- **WHAT IS BEING ASKED**
Repeat the data below with no changes.

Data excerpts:
::::::::::

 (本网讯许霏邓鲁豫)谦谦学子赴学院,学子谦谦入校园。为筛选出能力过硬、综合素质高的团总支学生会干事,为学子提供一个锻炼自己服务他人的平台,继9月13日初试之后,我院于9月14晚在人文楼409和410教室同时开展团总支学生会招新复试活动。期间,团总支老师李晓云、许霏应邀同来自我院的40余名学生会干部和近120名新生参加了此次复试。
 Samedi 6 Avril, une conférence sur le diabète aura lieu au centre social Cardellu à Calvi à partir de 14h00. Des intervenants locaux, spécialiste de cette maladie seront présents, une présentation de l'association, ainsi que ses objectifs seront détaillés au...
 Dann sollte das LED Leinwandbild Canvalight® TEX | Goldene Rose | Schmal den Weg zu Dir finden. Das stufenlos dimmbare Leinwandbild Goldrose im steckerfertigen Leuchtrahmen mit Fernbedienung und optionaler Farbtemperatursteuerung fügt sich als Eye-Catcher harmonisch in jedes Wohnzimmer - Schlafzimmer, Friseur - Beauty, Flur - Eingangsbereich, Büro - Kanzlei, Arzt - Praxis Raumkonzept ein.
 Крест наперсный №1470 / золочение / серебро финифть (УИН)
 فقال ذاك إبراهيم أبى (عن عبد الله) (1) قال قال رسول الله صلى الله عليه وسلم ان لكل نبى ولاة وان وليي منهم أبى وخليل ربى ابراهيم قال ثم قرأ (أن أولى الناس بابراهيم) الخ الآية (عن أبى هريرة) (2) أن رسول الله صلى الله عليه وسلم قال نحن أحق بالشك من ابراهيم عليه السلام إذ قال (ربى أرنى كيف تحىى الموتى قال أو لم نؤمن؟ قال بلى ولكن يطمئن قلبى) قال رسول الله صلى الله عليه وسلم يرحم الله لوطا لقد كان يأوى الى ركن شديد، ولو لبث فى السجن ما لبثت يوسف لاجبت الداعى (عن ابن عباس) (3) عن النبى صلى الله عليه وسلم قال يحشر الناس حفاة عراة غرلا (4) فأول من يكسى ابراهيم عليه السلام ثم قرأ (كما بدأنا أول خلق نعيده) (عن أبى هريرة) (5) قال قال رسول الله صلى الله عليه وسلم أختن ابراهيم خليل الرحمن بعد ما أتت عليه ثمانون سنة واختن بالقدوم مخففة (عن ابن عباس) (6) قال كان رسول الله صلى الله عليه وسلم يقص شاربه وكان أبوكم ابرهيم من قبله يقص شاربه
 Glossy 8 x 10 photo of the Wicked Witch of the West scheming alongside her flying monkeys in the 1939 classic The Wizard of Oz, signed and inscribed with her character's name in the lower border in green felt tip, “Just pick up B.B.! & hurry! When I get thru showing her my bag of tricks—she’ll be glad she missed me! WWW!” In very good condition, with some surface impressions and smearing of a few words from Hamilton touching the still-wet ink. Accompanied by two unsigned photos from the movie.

::::::::::

- **WRITTEN ANSWER**
 (本网讯许霏邓鲁豫)谦谦学子赴学院,学子谦谦入校园。为筛选出能力过硬、综合素质高的团总支学生会干事,为学子提供一个锻炼自己服务他人的平台,继9月13日初试之后,我院于9月14晚在人文楼409和410教室同时开展团总支学生会招新复试活动。期间,团总支老师李晓云、许霏应邀同来自我院的40余名学生会干部和近120名新生参加了此次复试。
 Samedi 6 Avril, une conférence sur le diabète aura lieu au centre social Cardellu à Calvi à partir de 14h00. Des intervenants locaux, spécialiste de cette maladie seront présents, une présentation de l'association, ainsi que ses objectifs seront détaillés au...
 Dann sollte das LED Leinwandbild Canvalight® TEX | Goldene Rose | Schmal den Weg zu Dir finden. Das stufenlos dimmbare Leinwandbild Goldrose im steckerfertigen Leuchtrahmen mit Fernbedienung und optionaler Farbtemperatursteuerung fügt sich als Eye-Catcher harmonisch in jedes Wohnzimmer - Schlafzimmer, Friseur - Beauty, Flur - Eingangsbereich, Büro - Kanzlei, Arzt - Praxis Raumkonzept ein.
 Крест наперсный №1470 / золочение / серебро финифть (УИН)
 فقال ذاك إبراهيم أبى (عن عبد الله) (1) قال قال رسول الله صلى الله عليه وسلم ان لكل نبى ولاة وان وليي منهم أبى وخليل ربى ابراهيم قال ثم قرأ (أن أولى الناس بابراهيم) الخ الآية (عن أبى هريرة) (2) أن رسول الله صلى الله عليه وسلم قال نحن أحق بالشك من ابراهيم عليه السلام إذ قال (ربى أرنى كيف تحىى الموتى قال أو لم نؤمن؟ قال بلى ولكن يطمئن قلبى) قال رسول الله صلى الله عليه وسلم يرحم الله لوطا لقد كان يأوى الى ركن شديد، ولو لبث فى السجن ما لبثت يوسف لاجبت الداعى (عن ابن عباس) (3) عن النبى صلى الله عليه وسلم قال يحشر الناس حفاة عراة غرلا (4) فأول من يكسى ابراهيم عليه السلام ثم قرأ (كما بدأنا أول خلق نعيده) (عن أبى هريرة) (5) قال قال رسول الله صلى الله عليه وسلم أختن ابراهيم خليل الرحمن بعد ما أتت عليه ثمانون سنة واختن بالقدوم مخففة (عن ابن عباس) (6) قال كان رسول الله صلى الله عليه وسلم يقص شاربه وكان أبوكم ابرهيم من قبله يقص شاربه
 Glossy 8 x 10 photo of the Wicked Witch of the West scheming alongside her flying monkeys in the 1939 classic The Wizard of Oz, signed and inscribed with her character's name in the lower border in green felt tip, “Just pick up B.B.! & hurry! When I get thru showing her my bag of tricks—she’ll be glad she missed me! WWW!” In very good condition, with some surface impressions and smearing of a few words from Hamilton touching the still-wet ink. Accompanied by two unsigned photos from the movie.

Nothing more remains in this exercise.